En un primer momento se hizo un silencio total, hasta que uno de ellos empezó a reir suavecito y de a poco todos comenzaron a reir y a burlarse del rucio; algunos se acercaron al autor del empujón, le levantaron la mano y lo vitoreaban como si fuera un boxeador que ganaba un importante combate.
El rucio, con el rostro contraído por la ira, se arrojó furiosamente sobre su ofensor, propinándole una seguidilla de golpes de puño que lo hizo trastrabillar. Este, repuesto de la sorpresa inicial, respondió el ataque de su enemigo trenzándose en una violenta gresca. Los demás gritaban con mayor entusiasmo para animar a los luchadores, algunos cursaban sus apuestas a viva voz:
- ¡Voy al rucio, carajo!
- ¡El gordo es mejor, dale no más!
Al girar sobre una curva, una ráfaga de viento se coló por la puerta corrediza del tren y el rucio salió despedido por la puerta abierta. Desesperado, aleteando en el aire, logró aferrarse con una mano en el borde del vagón; los gritos, más bien los aullidos del rucio, dejaron congelados a todos los pasajeros del carro.

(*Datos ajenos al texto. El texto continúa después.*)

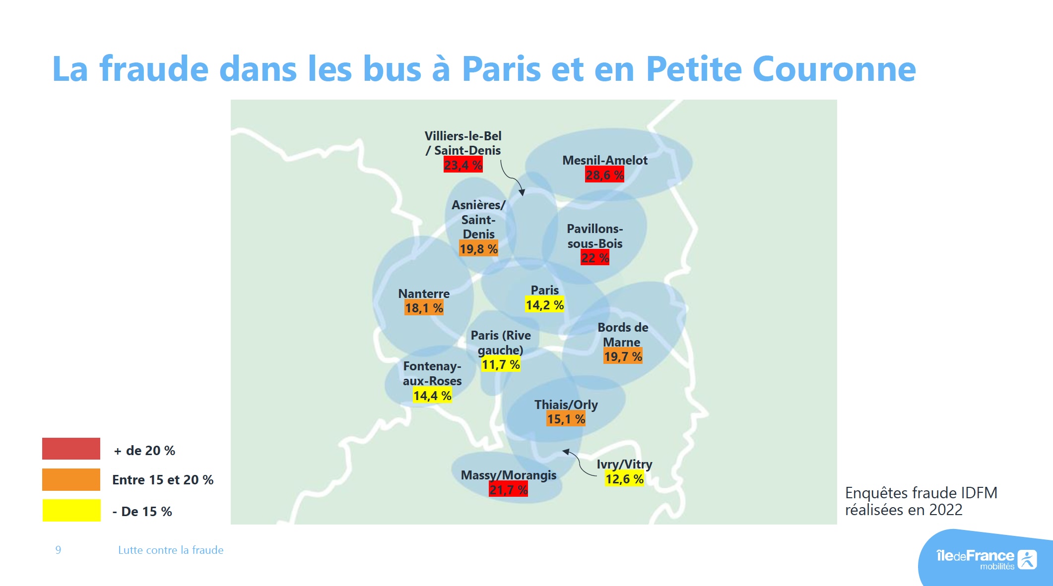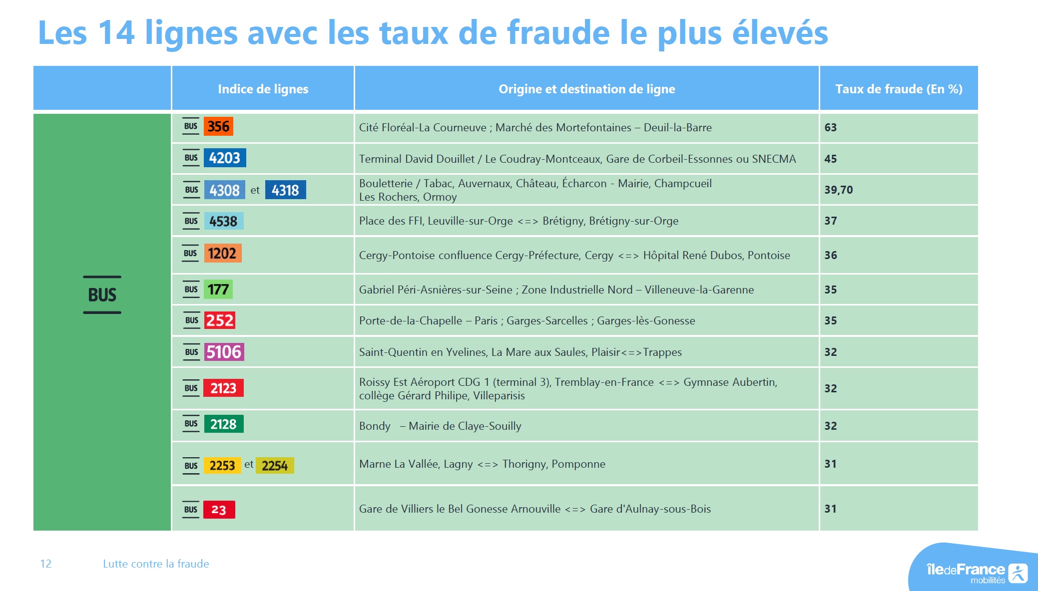 Dans Paris intramuros et en petite couronne, à bord des bus de la RATP, elle s’établit à 14%, pour atteindre presque 30% dans le secteur du Mesnil-Amelot, au nord-Est de Paris. En grande couronne, le palmarès revient aux lignes de bus autour de Roissy, de l’axe Est-Seine-Saint-Denis, d’Evry, Melun, Sénart, Sainte-Geneviève de Bois, Brétigny, Juvisy etc. Mais globalement, en grande couronne « ça s’améliore », estime Valérie Pécresse qui attribue cette tendance à l’ouverture à la concurrence du réseau Optile. En moyenne un an après le début d’un contrat de délégation de service public, la fraude passe de 12,7% à 11,5%. « Chaque opérateur a la responsabilité de lutter contre la fraude sur ses lignes et il est rémunéré à la validation », souligne IDFM. Ce qui n’est pas encore le cas sur le réseau de bus de la petite couronne, opéré par la RATP, où l’ouverture à la concurrence a commencé et des appels d’offres sont en cours.

Sólo el hombre de la pierna de madera se movió con una asombrosa velocidad, con una mano se apoyó en la puerta y con la otra tomó el pecho del rucio que lloraba y gemía sin control. En un instante que nos pareció eterno levantó por el aire al rucio y lo dejó dentro del carro.
El rucio cayó arrodillado llorando; el hombre de la pierna de madera les dijo a los demás:
- ¡Se acabó el juego!
Los hombres volvieron a sus puestos y se sentaron en silencio; nadie se atrevió a decir una palabra mientras duró el viaje. Se bajaron y se fueron presurosos a sus trabajos. El último en bajar fue el hombre de la pierna de madera, que antes de irse nos dijo:
- Es hora que regresen a casa.
Descendió del carro desplazándose trabajosamente sobre su pierna sin vida.
En el interior del vagón, el rucio lloraba arrodillado.